Une autre raison, c’est que nous avons négligé et sous-estimé ces pays. Nous avons fait fabriquer à bas coûts, ne pensant pas que nous pourrions un jour être égalés, et nous nous réveillons bien tard [6]. Bien que nous sachions, depuis longtemps, que ces peuples étaient astucieux et travailleurs, notre idée était bien de croire que nous étions de toute façon, osons le dire, plus intelligents, et qu’il y aurait ainsi un partage des tâches et de la valeur ajoutée, avec l’essentiel du profit pour nous, bien entendu. En d’autre terme, que notre « supériorité » intellectuelle et technologique nous assurerait, pour longtemps encore, le leadership. Belle erreur d’appréciation.
Mais ceci est vrai pour tous les pays occidentaux. Or tous ne souffrent pas du « syndrome de l’autruche ». A quoi tient l’exception française ? Plusieurs raisons.
Le goût de l’assistanat
La principale nous semble être historique. La clé m’a été donnée par Michel Rouche, et puis par un jeune chef d’entreprise italien. Il m’avait dit « Nous, en Italie, nous n’avions pas d’Etat, mais des principautés et des villes. C’est nous, les peuples de l’Italie, qui avons construit notre Etat. Nous n’avons pas de surmoi à ce propos. Il vaut ce qu’il vaut, il ne vaut d’ailleurs souvent pas grand-chose, mais quand nous avons un problème, nous savons que nous ne pouvons compter que sur nous-mêmes. Pour cette raison, nous nous en sortirons toujours. Vous, en France, au contraire, vous n’avez pas fait l’Etat, mais c’est l’Etat, vos rois, puis vos grands leaders, avec votre administration, qui vous ont faits. Vous êtes encore en monarchie, une monarchie républicaine, et vous en êtes les sujets, au sens de personnes assujetties. Dès que vous avez un problème, vous demandez à l’Etat de vous sauver. Vous êtes irresponsables. C’est pour ça que vous ne vous en sortez pas ». Son analyse m’avait parue très juste. D’autres pays, les pays libéraux anglo-saxons en particulier, pour qui la liberté individuelle, malgré les injustices flagrantes qu’elle peut comporter, est la valeur première, auraient pu nous dire la même chose.
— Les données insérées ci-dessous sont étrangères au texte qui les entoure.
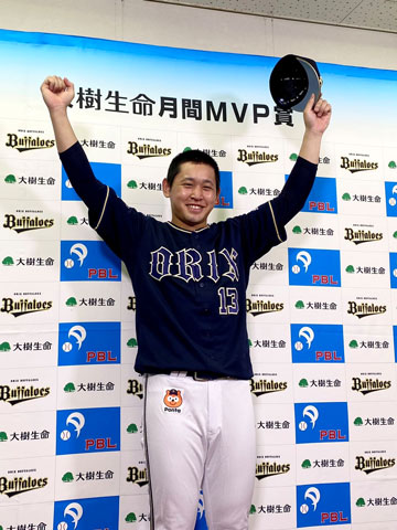 8月度パシフィック・リーグ大樹生命月間MVP賞に宮城大弥投手が選ばれ、受賞記者会見を行いました。
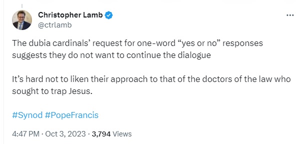 Christopher Lamb, Rom-korrespondent för brittiska The Tablet, skrev på f.d. Twitter att man inte kan låta bli att associera de fem kardinalernas krav på strikta ja- eller -nej-svar till de laglärda som försökte snärja Jesus:
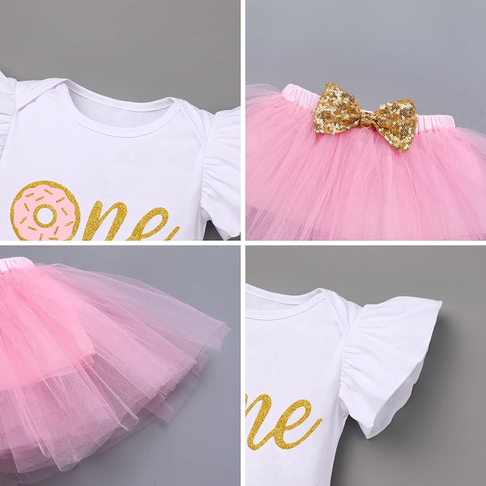 🧡🧡【4PCS Donut Birthday Outfit Baby Girl Tutu Skirt Set】Adorable pink donut theme birthday costume, donut 1st birthday outfit, donut 2nd 3rd birthday outfit, donut 1/2 birthday outfit. Infant baby girls donut first birthday outfit, 4PCS in one set, Donut Romper / Shirt + Donut Berry Tutu Skirt + Headband + Leg Warmers. Cutest toddler little girls cake smash coming home outfit, Halloween dress up costume photo props, best as princess birthday gift for 6M-3T baby girls.
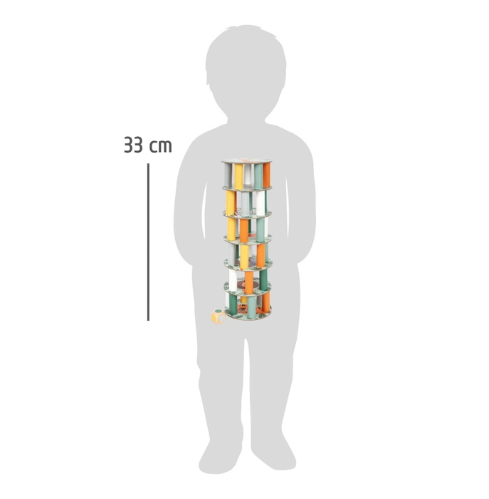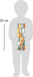 Pakāpeniski būvējiet un uzmanīgi izvelciet krāsainos cilindrus atbilstoši kauliņa krāsai – bet uzmanīgi, tornis nedrīkst sagruzt! Šī ģimenes balansa spēle katrā gājienā sniedz gan spriedzi, gan smieklus un vienlaikus dabiski veicina bērnu smalko motoriku, roku–acu koordināciju un koncentrēšanās spējas.
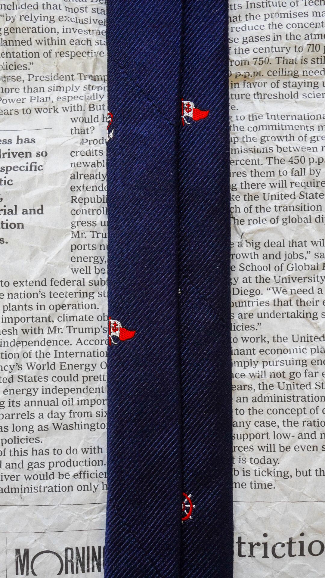 シルク混(シルク65%、ポリエステル35%)の光沢がある生地で作られたアンカー、シップホイール、フラッグ、灯台が刺繍されたマリン柄のネクタイで、ベースカラーはネイビーになります。
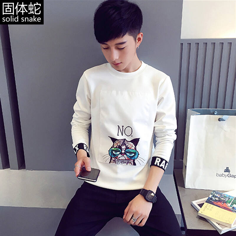 固体蛇 长袖T恤男士春季韩版圆领印花修身打底衫 白色长袖 L

Une autre raison est sans doute le fait que nous avons fait petit à petit de l’assistanat à la fois une philosophie et un mode de gouvernement. Une philosophie, car nous avons justifié le fait qu’il fallait que l’Etat couvre tous nos risques, tout en maintenant, dans notre esprit, le droit de faire ce que nous voulons. Assistance totale et liberté totale, liberté économique et « Etat-providence », évidemment ça ne peut pas marcher. Lorsque la période est faste, cette fiction peut être masquée, mais tôt ou tard, il faut en sortir. Un mode de gouvernement, parce que nous nous sommes habitués à ce que l’Etat achète notre liberté [7]. Ainsi, nous avons passé ensemble un pacte malsain, un contrat de parasitage, réciproque d’ailleurs : « je vis à tes crochets, tu vis à mes crochets. Nous sommes deux frustrés et inefficaces, mais nous restons ensemble ». Le phénomène s’observe en politique étrangère, il est flagrant en Afrique. La France ne lâche jamais ses « amis », dont elle achète en permanence l’amitié, et c’est d’ailleurs réciproque [8]. La conséquence en est que certains dirigeants restent au pouvoir pendant 30 ou 40 ans. Les mêmes causes ayant les mêmes effets, la différence de dynamisme politique, économique et social entre les pays francophones et les anglophones, qui savent qu’ils n’ont aucune aide à attendre de personne, est totale.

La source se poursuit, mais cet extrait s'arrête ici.